The second data is packet data.

Preferably, the timing controller includes a packet data generation unit for converting and outputting the first data into a packet data form.

Preferably, the packet data includes information at the time point at which the second data is loaded from the source driver to the display panel.

Preferably, the timing controller includes a phase locked loop that receives an internally generated clock signal, and delays it to output n clock signals having different phases.

An LCD device according to another embodiment of the present invention includes a timing controller and a plurality of source drivers.

The timing controller receives first data applied from the outside and outputs clock signals and second data to display the first data.

The source drivers receive an output signal of the timing controller, convert the analog signal into analog data, and output the analog signal to the display panel.

The clock signals and the second data are transmitted through the first signal line unit connecting the timing controller and the source driver in a point-to-point manner.

The second data is transmitted in the form of packet data.

The clock signal may be embedded in the second data and output.

DETAILED DESCRIPTION In order to fully understand the present invention, the operational advantages of the present invention, and the objects achieved by the practice of the present invention, reference should be made to the accompanying drawings which illustrate preferred embodiments of the present invention and the contents described in the drawings.

Hereinafter, exemplary embodiments of the present invention will be described in detail with reference to the accompanying drawings.
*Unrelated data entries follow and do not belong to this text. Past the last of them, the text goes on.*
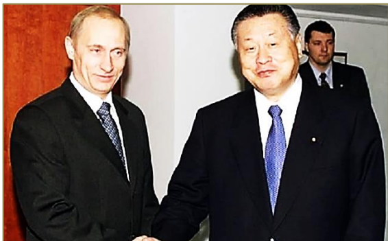
В. В. Путин и премьер-министр Японии Иосиро Мори.
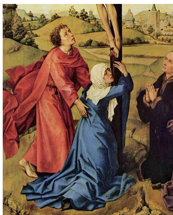
Rogier van der Weyden, Ukrzyżowanie Jezusa Chrystusa (fragment), 1440–1445
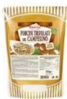
PORCINI CAMPESINO BST 700G
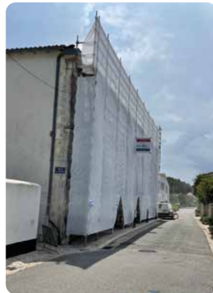
Travaux de la mairie
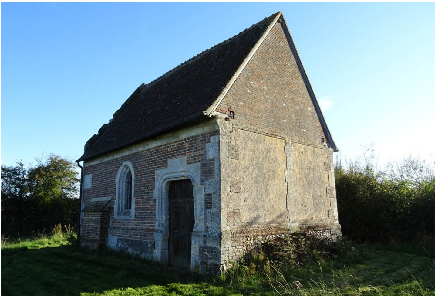
Photographie du monument historique
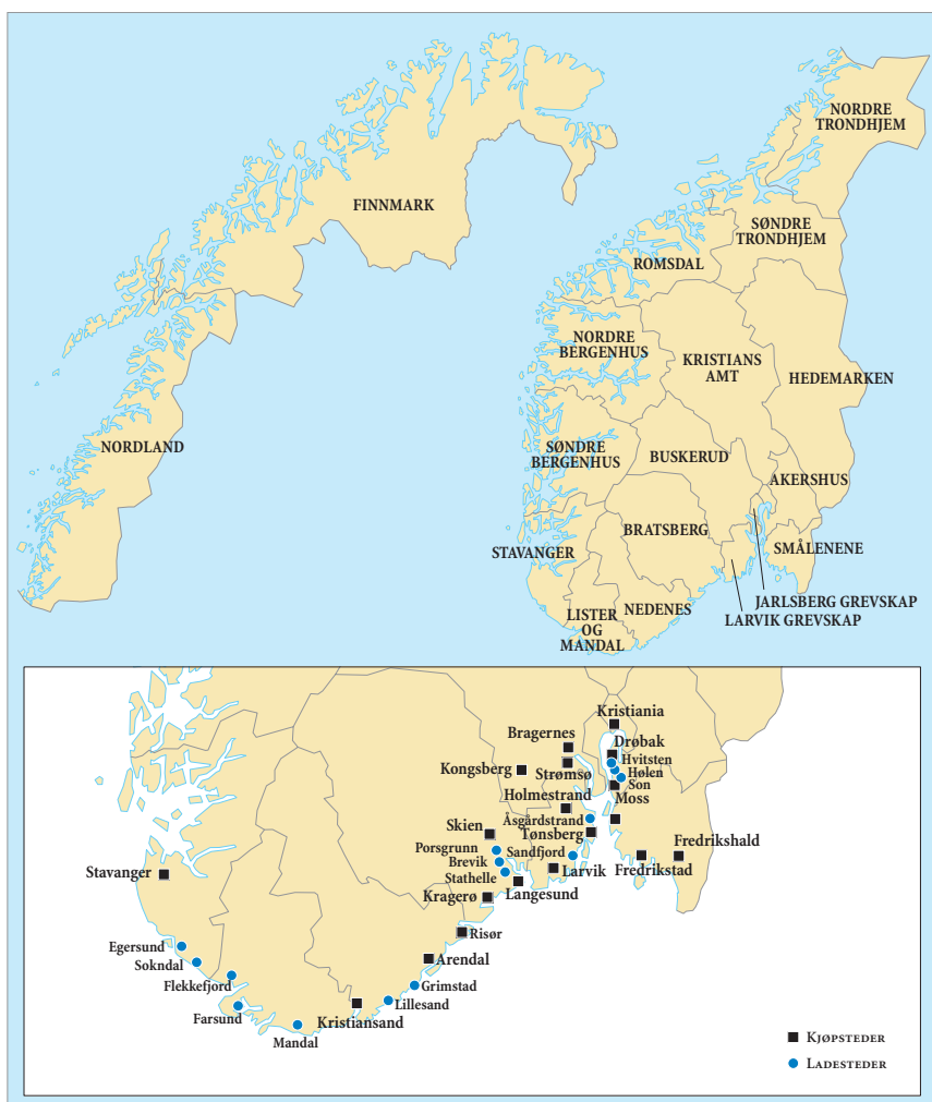
Kart over sønorske byer ca. 1800.
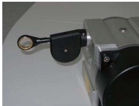
8. 最终状态: 安装导线滑轮后的拉线盒单元
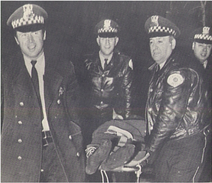
Les policiers, hilares, emportent le corps de Fred Hampton

présents ont également été la cible des tirs policiers, et notamment la compagne d'Hampton, alors enceinte.
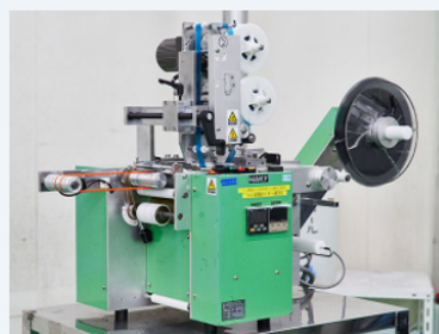
セルフラベル自動捺印機 (デジタル式)
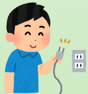
コンセントに埃をためない
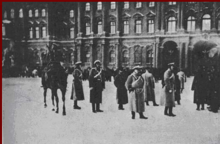
Дворцовая площадь. 9 января 1905 года

Захоронения жертв кровавого воскресения.
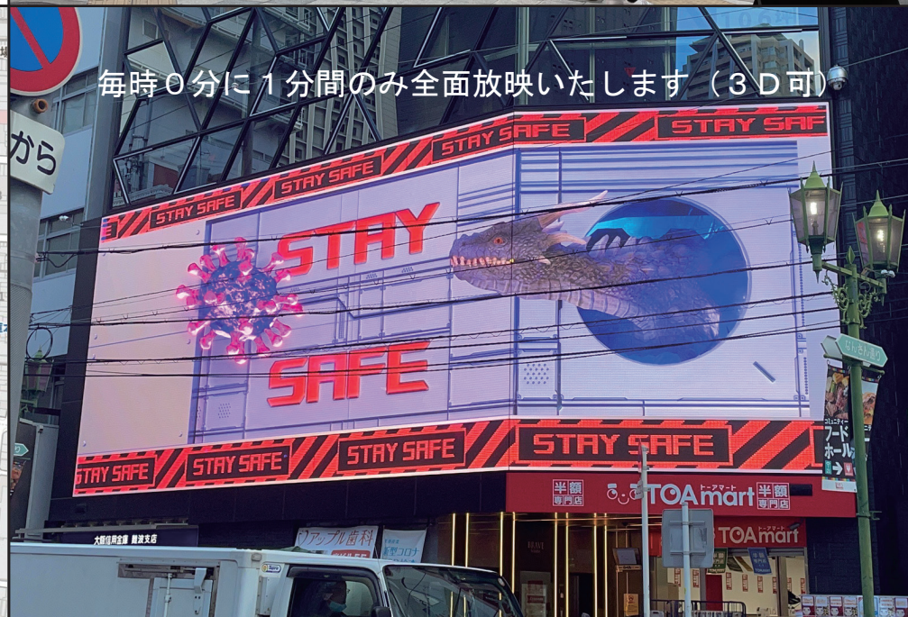
毎時0分に1分間のみ全面放映いたします (3D可)
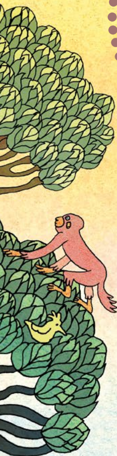
Illustration Jeanne Macaigne
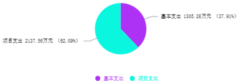
支出预算总体结构图
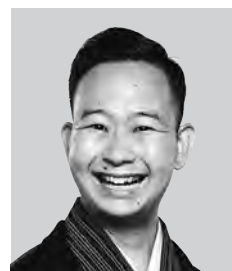
さんゆうてい じょう 三遊亭ふう丈
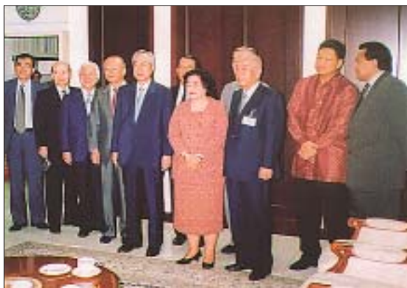
メガワティ大統領との懇談 (2002年4月 経団連ミッション訪問時)

ンドネシアは、いまだ多くの改革すべき課題を抱えながらも、ようやく回復への軌道に乗り始めている。ただ、巨額の公的・私的債務の返済が軌道に乗るには、4%以上のGDP成長を要することから見れば、個人消費の回復に加え、設備投資の回復が喫緊の課題となる。インドネシア経済の発展には、まだ時間がかかり、当面、海外からの資本・技術・人的支援がどうしても不可欠と思われる。投資・貿易の促進、政府開発
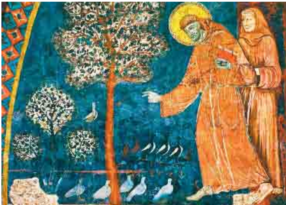
Assis, Bazilika sv. Františka - spodní kostel. Mistr sv. Františka r. 1236 Freska znázorňující Františkovo kázání ptákům.

Ve svých nesmírných bolestech sténal, volal k Pánu, prosil jej ne za odvrácení útrap a bolestí, ale za trpělivost k jejich snášení. Bůh viděl svého služebníka tak velice zkoušeného, neodepřel mu svou útěchu, když jej jedné noci opět prosil o trpě-
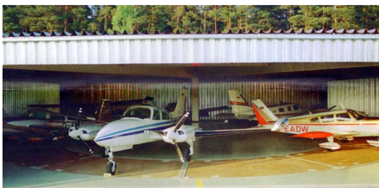
Nachrüstung eines vorhandenen Hangars mit dem flachen Ringcarousel CR 22/16. Die konstruktive Einbauhöhe ist nur 15cm.
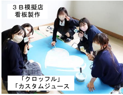
3 B 模擬店 看板製作
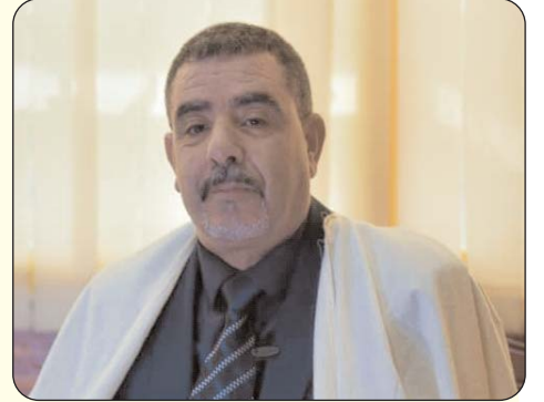
■ الشاعر نور الدين العدوالي - الجزائر

إلى ابنتي وصديقاتها، وإلى من درّسها، وأشرف عليها، وناقش مذكرة تخرجها. إلى طلبتنا وطالباتنا في يوم نجاحهم. ألا يا رفاق الدرب هذي بُنيتي زرعتم ثراها بالجمال فأبتعا سقّيتهم بشهد العلم قلب صغيرتي ففأخ بقلبي كالرحيق وشعشعاً أنتم لها ذرب الحياة معارفاً فزادتم بربوب العارفين ترفعاً وسجّتمو بالسمت غصن خميلتي ففيا سعد من ربّي العقول وأبدعاً بعثت إليكم نور عيني وشمعتي لثرفي الثريا كالثجوم وتسطعاً صبرتم - أعيي جداً علو جبالكم - ويا حطّ صيف حين يلقي سميدعاً! وهل يبخل المجدود جمع وفوديه أليس بساح الصابرين ترعرعاً؟! أتيت وحلم العمر يدقّ خافقي أباً وسط زهر المونسات تمعاً أشد إلى نجم السماء مطامحي ومن يصب علماً لن يهون فيرجعاً ففيا من يرفون البنات عراشاً إلى بطير الغاليات لثقلها هُناك بأعلى المزن تبني حدائقاً لمن أترك الغايات علماً ومن وعى ألاً يا رفاق الدرب بلثم مقاعداً بجئات عدن كالمقام توضعاً زعاكم إلهي أئتما لم شملكم ودمتم بأعلى الرأس تاجاً مرصعاً ونلتم من الخبرات ما نال عابدي وما اصطفت شيخ في الصلاة وأزمعاً ويا كون هذي - في البنات - أميرتي ويا قوم إن البص مبي ترعرعاً وإن دموعي كم تزيد سعادتني فقمي لمن شق الطريق ومن سعى ألاً فامسجوا بالعفو صمغ جهودنا ولنا تهرأوا بالدمع حين تهمعاً ألاً فاعذبوا تقصير بطني إن أخطأت وكيف أراني بعد هذا مؤدعاً؟! سعيد ومن مثلي يُنايس طائرًا يجوزاء سرب للقطاف تجمعاً وإني - وحرفي ينثر الفجر بينكم - أمير على عرش القصيد ترعباً.
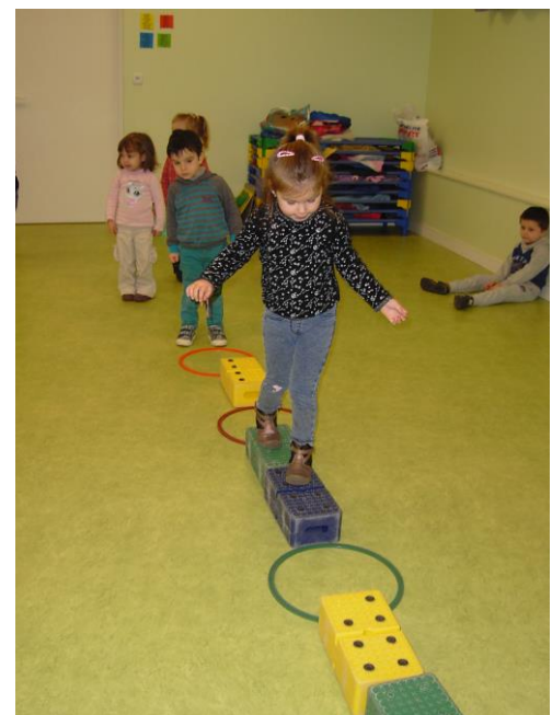
J'effectue différents parcours
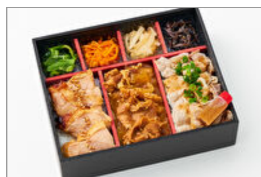
【贅沢肉三昧】牛豚鶏のよくばり満福御膳
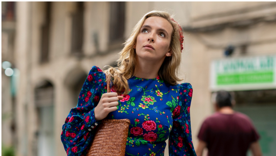
IMAGEN 7. FOTOGRAMA DE KILLING EVE . FUENTE: https://www.gamesradar.com/killing-eve-season-3-jodie-comer-villanelle/

Solo trato de encontrar formas de hacerme sentir algo. Más y más y más, pero... no hace ninguna diferencia. No importa lo que haga, no siento nada. Me lastimé, no duele. Compró lo que quiero, no lo quiero. Hago lo que me gusta... no me gusta. Estoy tan aburrida - Killing Eve : Temporada 2, Episodio 6 (2019)
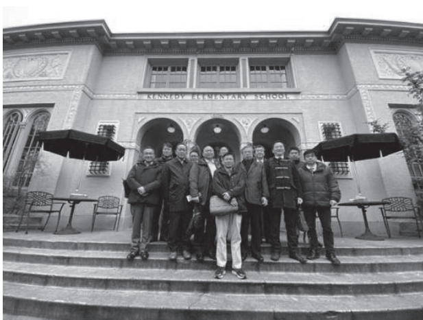
ケネディスクールの前で

ポートランドの街は一言でいうと居心地が良い。それは、歩行者目線で街が形成されているからであり、賑わいがあり、人の呼吸を感じずからである。街づくりの哲学として「無駄を作らなければならない」という考え方があると聞いた。無駄があることで、住む人の心に余裕が生まれるという。ポートランドはその街に住みたい一心で仕事も無いのに越してくる若者がいるという希有な街である。住みやすさの追求がそのような結果を生むということを教訓として、静岡県地域戦略に活かしていきたい。

Like reference numerals in the drawings denote like elements.

3A is a diagram illustrating an LCD device according to an embodiment of the present invention.

In FIG. 3A, a case in which six source drivers are provided is illustrated as an example, and it will be apparent that a plurality of other source drivers may be provided.

Referring to FIG. 3A, a liquid crystal display (LCD) device 300 according to an embodiment of the present invention may include a timing controller (TCON) 310 and a plurality of source drivers (SDs) 361. To 366).

The timing controller 310 receives the first data D1 from an external host system 315, adjusts a position and a time point at which the first data D1 is to be displayed, and adjusts the second data D2. Output to source drivers 361 to 366. Here, the external host system 315 may be a personal computer (PC), a graphics card, a graphic processing apparatus of a TV, or the like.

The timing controller 310 may internally include a clock (CLOCK) 317, a phase locked loop (PLL) 319, a controller and a buffer memory unit 311, and a packet data generator ( A packet data generator 320 and a data transmitter 330.

The clock 317 generates a clock signal CLK having a predetermined frequency. Here, the generation time of the predetermined frequency and the clock signal is determined according to the control of the controller and the buffer memory unit 311.

The phase locked loop 319 receives a clock signal generated from the clock 317 and outputs a plurality of clock signals 350 having a phase difference to the plurality of source drivers, respectively. Accordingly, the plurality of clock signals output from the phase locked loop 319 have different phases. Here, the phase locked loop 319 may be provided inside the clock 317 or may be provided outside. 3A illustrates a case where the phase locked loop 319 is provided outside the clock 317 as an example.

The control unit and the buffer memory unit 311 receive the first data D1 and various control signals from the host system 315. Then, the first data D1 is temporarily stored, and a time point, a position (address), etc. of the first data D1 are determined according to the control signal. Here, the various control signals are the horizontal synchronizing signal HSYNC, the vertical synchronizing signal VSYNC, and the like.

The packet data generator 320 uses headers and payloads using first data D1, which is image data for display on a pixel, and various control signals output from the controller and the buffer memory unit 311. Generates packet data including a portion.

Here, the header determines the meaning of data in the payload unit. For example, depending on the value of the header, payload data is determined by the time at which the source driver SD is loaded into the display panel, the address where the payload data is located, and the voltage polarity across the pixels. It may be a part having information on charge sharing time, etc., which is a time required for changing, or may be a part having image information actually displayed.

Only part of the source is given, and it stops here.